> **PROVIDED MATERIAL**

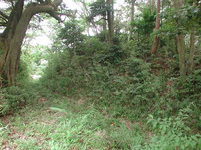 山田城へと続く尾根道の登城路に構築された連続する三つの堀切。堀切と堀切の間は土塁に囲まれた郭になっているという。東方の山田城および山田集落を防御するための施設と考えられる。鉾田市の石崎勝三郎さんが確認した堀切で、2005年7月現在では遺跡としては未登録。
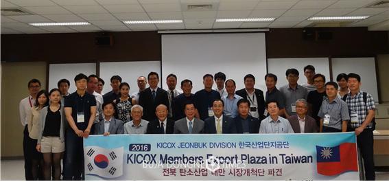 [익산=부자동네타임즈 이정술 기자] 한국산업단지공단 익산지사(지사장 김호범)는 8/9(화)~12(금)까지 익산 미니클러스터 회원기업중 탄소산업 서브 미니클러스터 회원기업을 대상으로 ‘대만 시장 진출을 위한 해외시장개척단’을 파견하였다. 파견 기업은 ㈜에니에스, ㈜유광화학, ㈜다인스, ㈜씨에이피코리아, 제이씨케미컬㈜, ㈜쓰리제이 등 6개 회원기업이고, 처음으로 탄소산업 분야의 해외시장개척단 활동으로 현지 기관 및 기업 방문을 통하여 보유하고 있는 기술과 산업 동향에 대해 많이 배우고 올 수 있었다.
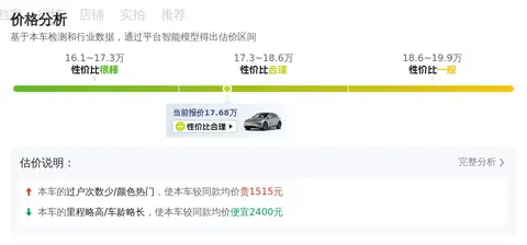 根据大数据预估显示,这辆车的市场价在17.01-20.65万之间,具体的售价因车况而有所不同,这辆车的报价17.68万,车况正常的情况下性价比还是很高的,保值率也比较高。

> **ABOUT THIS EXERCISE**
The result should be the full listing, retyped exactly and free of pictures.

> **ANSWER**
 山田城へと続く尾根道の登城路に構築された連続する三つの堀切。堀切と堀切の間は土塁に囲まれた郭になっているという。東方の山田城および山田集落を防御するための施設と考えられる。鉾田市の石崎勝三郎さんが確認した堀切で、2005年7月現在では遺跡としては未登録。
 [익산=부자동네타임즈 이정술 기자] 한국산업단지공단 익산지사(지사장 김호범)는 8/9(화)~12(금)까지 익산 미니클러스터 회원기업중 탄소산업 서브 미니클러스터 회원기업을 대상으로 ‘대만 시장 진출을 위한 해외시장개척단’을 파견하였다. 파견 기업은 ㈜에니에스, ㈜유광화학, ㈜다인스, ㈜씨에이피코리아, 제이씨케미컬㈜, ㈜쓰리제이 등 6개 회원기업이고, 처음으로 탄소산업 분야의 해외시장개척단 활동으로 현지 기관 및 기업 방문을 통하여 보유하고 있는 기술과 산업 동향에 대해 많이 배우고 올 수 있었다.
 根据大数据预估显示,这辆车的市场价在17.01-20.65万之间,具体的售价因车况而有所不同,这辆车的报价17.68万,车况正常的情况下性价比还是很高的,保值率也比较高。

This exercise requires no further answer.